MUNICH (AP) — Ukrainian President Volodymyr Zelenskyy urged Western allies Friday to quicken their military support for Ukraine, warning at a major international security conference that delays would play into Russia’s hand as the invasion approaches its first anniversary.
“There is no alternative to speed, because it’s speed that life depends on,” Zelenskyy told the Munich Security Conference in Germany.
Ukraine is depending on Western weapons to thwart Russian President Vladimir Putin’s ambition of securing control of large areas of the country, in what has become a test of foreign governments’ resolve amid increasing financial costs.
About 40 heads of state and government, as well as politicians and security experts from almost 100 countries, including the United States, Europe and China, were due to attend the three-day gathering.
In his plea for more Western weapons, Zelenskyy compared Ukraine’s struggle against the Russian invasion to the biblical fight between David and Goliath, saying his country had David’s courage but needed help in getting the sling.
“It’s not just about Ukraine. The point is Goliath must lose. and there is no alternative to this,” the Ukrainian leader said by video link. “Because the Kremlin can break the security and peace of all who are represented here in Munich.”
Zelenskyy vowed that his country would ultimately prevail over Moscow’s aggression but warned that Russia “can still destroy many lives.”
“That is why we need to hurry up,” Zelenskyy said. “We need the speed.”
Zelenskyy portrays Ukraine as defending Western values of freedom and democracy against tyranny and argues that his country needs to be properly provisioned to fend off Russia’s much bigger force. Western countries have sided with him, but at times they have been slow to meet his requests.
For the first time in two decades, conference organizers did not invite Russian officials to Munich. Western countries have sought to isolate Russia diplomatically over the invasion of Ukraine that began on Feb. 24 2022.
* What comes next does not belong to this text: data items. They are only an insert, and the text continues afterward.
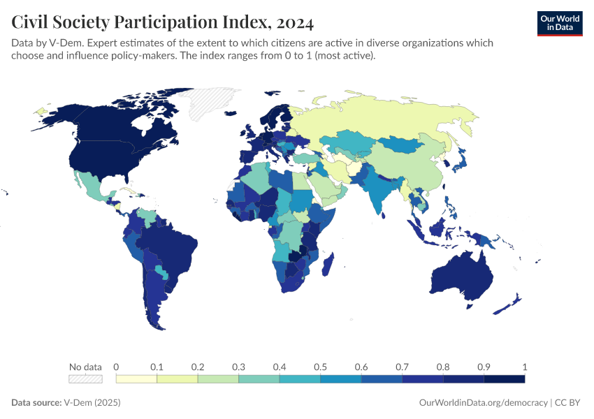 “Data Page: Civil society participation index”, part of the following publication: Bastian Herre, Lucas Rodés-Guirao, and Esteban Ortiz-Ospina (2013) - “Democracy”. Data adapted from V-Dem. Retrieved from https://data-lexicalindex-indicators.owid.pages.dev:8789/20260119-070102/grapher/civil-society-participation-index.html [online resource] (archived on January 19, 2026).How to cite this data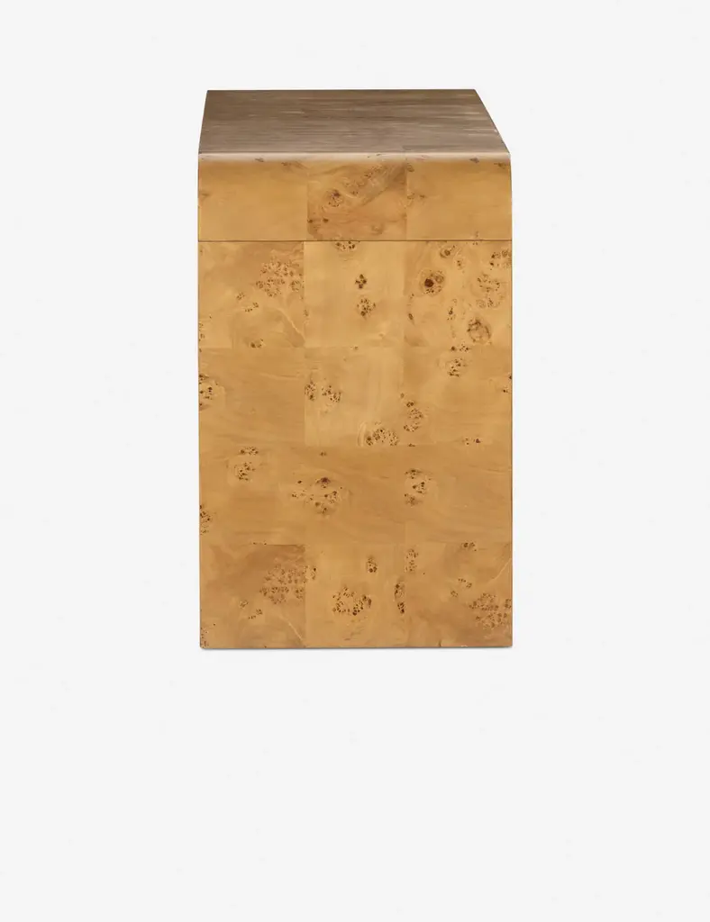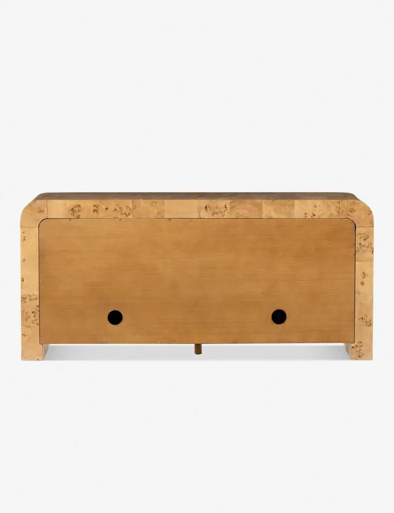 Clad in a patchwork burl wood veneer, this media console offers your space a signature look. The curving waterfall design features a high polish finish highlighting its luxe natural grain. With push latch cabinets that open to spacious shelving, this console offers a seamless, elevating touch for your living space or family room.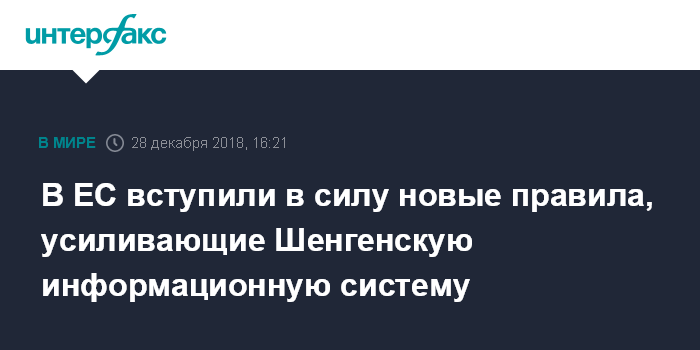 Москва. 28 декабря. INTERFAX.RU - Европейская комиссия объявила в пятницу о вступлении в силу предложенных ею в декабре 2016 года новых правил, призванных усилить Шенгенскую информационную систему (SIS) в рамках строительства союза безопасности ЕС.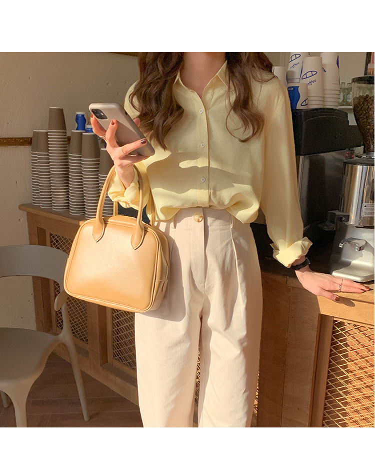 Брендовая кремовая желтая рубашка, свободный крой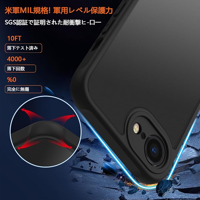 【高耐衝撃性・カメラ保護】免震構造である高弾力バンパーと耐震構造である丈夫なポリカーボネート背面で組み合わせて、バランスが良く落下衝撃を本体に伝えにくくなる。隆起エッジにより、スマホを置いた時にスクリーンやカメラが擦れにくくなり、傷から保護することができます。

German Defense Minister Boris Pistorius said Russia’s war in Ukraine would overshadow the proceedings. Western officials and analysts say the conflict is approaching a critical phase as it enters its second year next week.
The war is “not merely a European conflict” but has implications far beyond the continent, Pistorius said. Economies around the world have reeled from the war's impact on grain supplies, energy prices and inflation.
Kyiv, after receiving Western pledges of tanks and more ammunition, is now hoping for fighter jets, but some countries have balked at sending them.
Frans Timmermans, the executive vice president of the European Union's executive commission, said the 27-nation EU so far has maintained unity on the issue.
“I think everyone can see how important it is for Ukraine to win this war,” Timmermans said. “This is important for our Europe, too, because Putin isn’t just attacking Ukraine, he is also attacking us in the sense that he doesn’t support our values.”
He said it was important to make clear that Europe will support Ukraine however long the war lasts. “Putin is in difficulty,” Timmermans said, adding that the Russian leader would seek to put severe military pressure on Ukraine in the coming weeks and months.
Timmermans also expressed hope that China could exert pressure on Russia to end the war.